- [Task prompt] With the pictures removed, please write out every line below exactly as given.

- [Records from a data source]
● ● ● ● ● ● ●

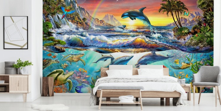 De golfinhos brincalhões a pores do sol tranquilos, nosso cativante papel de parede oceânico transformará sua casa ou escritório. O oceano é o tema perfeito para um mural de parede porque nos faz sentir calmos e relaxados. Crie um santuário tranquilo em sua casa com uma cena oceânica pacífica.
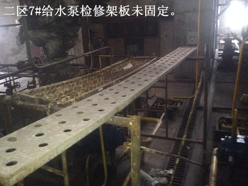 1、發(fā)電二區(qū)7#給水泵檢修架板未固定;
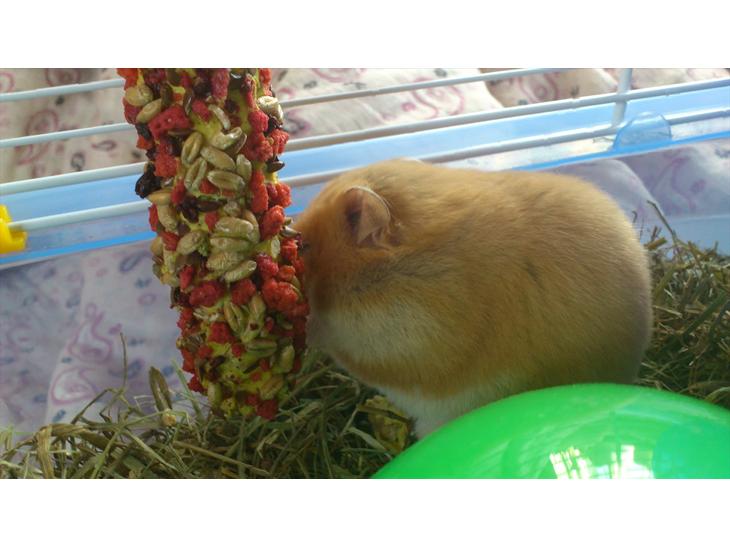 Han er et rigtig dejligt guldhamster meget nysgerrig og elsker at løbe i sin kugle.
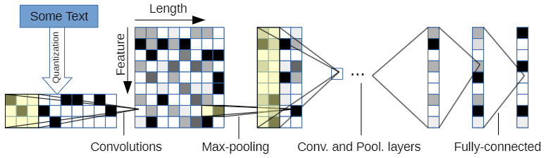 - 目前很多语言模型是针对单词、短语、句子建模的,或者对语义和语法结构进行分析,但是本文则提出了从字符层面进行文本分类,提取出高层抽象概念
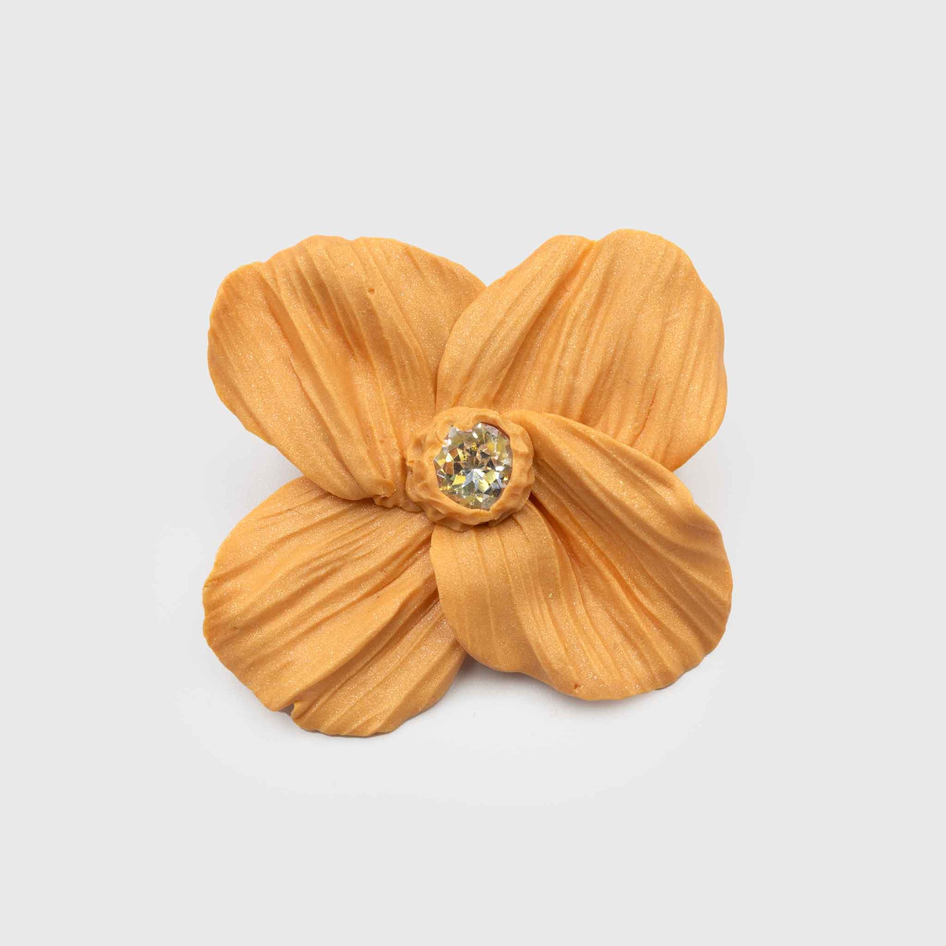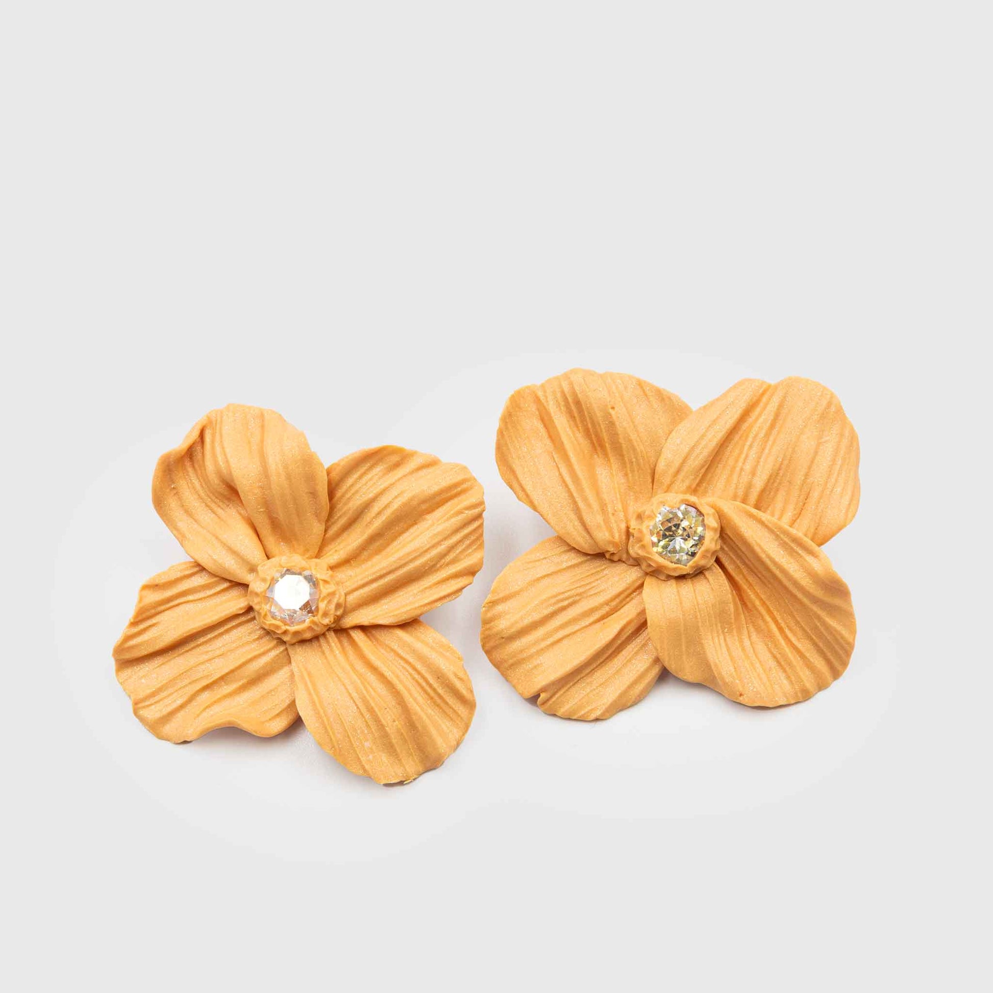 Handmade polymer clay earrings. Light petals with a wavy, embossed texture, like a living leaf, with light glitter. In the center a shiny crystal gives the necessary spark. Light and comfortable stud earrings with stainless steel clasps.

● ● ● ● ● ● ●

- [Written reply]
 De golfinhos brincalhões a pores do sol tranquilos, nosso cativante papel de parede oceânico transformará sua casa ou escritório. O oceano é o tema perfeito para um mural de parede porque nos faz sentir calmos e relaxados. Crie um santuário tranquilo em sua casa com uma cena oceânica pacífica.
 1、發(fā)電二區(qū)7#給水泵檢修架板未固定;
 Han er et rigtig dejligt guldhamster meget nysgerrig og elsker at løbe i sin kugle.
 - 目前很多语言模型是针对单词、短语、句子建模的,或者对语义和语法结构进行分析,但是本文则提出了从字符层面进行文本分类,提取出高层抽象概念
 Handmade polymer clay earrings. Light petals with a wavy, embossed texture, like a living leaf, with light glitter. In the center a shiny crystal gives the necessary spark. Light and comfortable stud earrings with stainless steel clasps.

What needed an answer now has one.